As a child Easter was all about coloring eggs, Easter egg hunts, and chocolate. However there is a much bigger and more important meaning behind Easter.

“For God so loved the world, that he gave his only begotten Son, that whoever believes in him should not perish, but have everlasting life.”-John 3:16

If I didn’t believe in Jesus there is so much about me that wouldn’t exist. There would not be two books (Stolen Innocence & Living For Today) published under the name Erin Merryn, I would not travel the country speaking to the thousands I have reached with my message, I would of never appeared on Oprah, had a law passed in my own state and going on in other states etc. Everything that has been created around this  name “Erin Merryn” wold not exist if I did not know Jesus. If I did not accept Jesus into my life at 8-years-old I would be a very angry and bitter woman.
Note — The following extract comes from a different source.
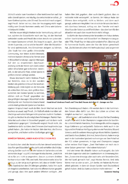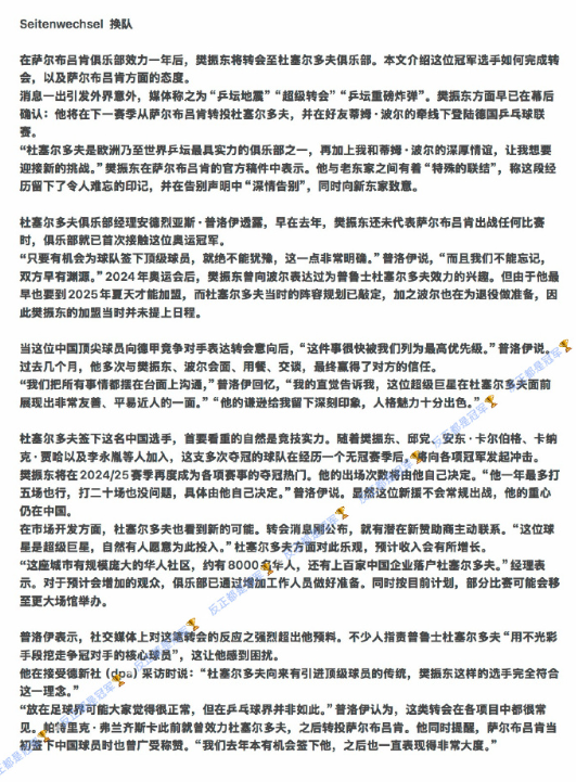 德国乒乓球杂志报道樊振东 德国专业乒乓球杂志《tischtennis》 4月刊重点报道樊振东转会内容。分别介绍了杜塞尔多夫和萨尔布吕肯经理对此的表态。 杜塞尔多夫经理普洛伊透露,早在去年,樊振东还未代表萨尔布吕肯出战任何比赛时,俱乐部就已首次接触这位奥运冠军。而且双方早有渊源。2024年奥运会后,樊振东曾向波尔表达过为杜塞尔多夫效力的兴趣。 “我们给了樊振东时间,也考虑过他可能离队的情况。”萨尔布吕肯经理巴鲁瓦说。今年2月他与中方沟通时,对方最初表示愿意留队,随后又告知“樊振东的想法有所改变”。他强调,整个过程始终透明,尽管转会到赛季末才正式公布,但并未影响当前赛季的备战与新援引进。

When I sat on a picnic table at summer camp in 1993 when I was 8 and said the words that God gave his only Son Jesus to come down and die on the cross for our sins it is something that will never leave me. That moment is so clear in my mind. Moments after saying these words the woman who made me repeat them broke down and started crying. I remember being confused and looked at my 11-year-old sister and said, “Why is she crying what is so sad?” My sister looked at me with excitement and said, “Erin you’ve been saved you are going to make it to Heaven.”
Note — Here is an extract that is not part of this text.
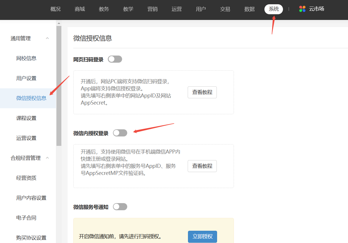 关闭路径:【管理后台】——【系统】——【微信授权信息】

By having a relationship with Jesus it allowed me to realize I need to let go of anger, hatred, and bitterness I had towards people in my life who abused me and forgive them.  I know many people have a hard time with this idea. I completely understand why you would, but for me forgiveness allowed me to let go of so much and find a voice. No longer consumed with anger and hatred I felt peace wash over me. I can’t imagine spending the rest of my life hating these two men that abused me.   Honestly what good would that do? I don’t allow room in my heart for hatred. There is sadness and pain there for the child I once was who suffered, but I leave no room for hatred. It just isn’t healthy. Jesus came down and died for these sins long before I was ever abused. If I want God to forgive me for the wrong I have done I have to forgive those who have hurt me. Does that mean I believe these two men will walk in green pastures with me in Heaven one day? Not at all! I don’t know where they stand with their relationship with the Lord and they are the first two people that come to mind that I don’t think I will see on the other side because I only know these two men for the evil they showed me and not where they are in their lives now and if they have accepted Christ and asked for his forgiveness.

I just know without my relationship with the Lord I would not be the person I am and the greatest gift my parents gave me is raising me in a Christian home. It is the one thing that I will always be most grateful for.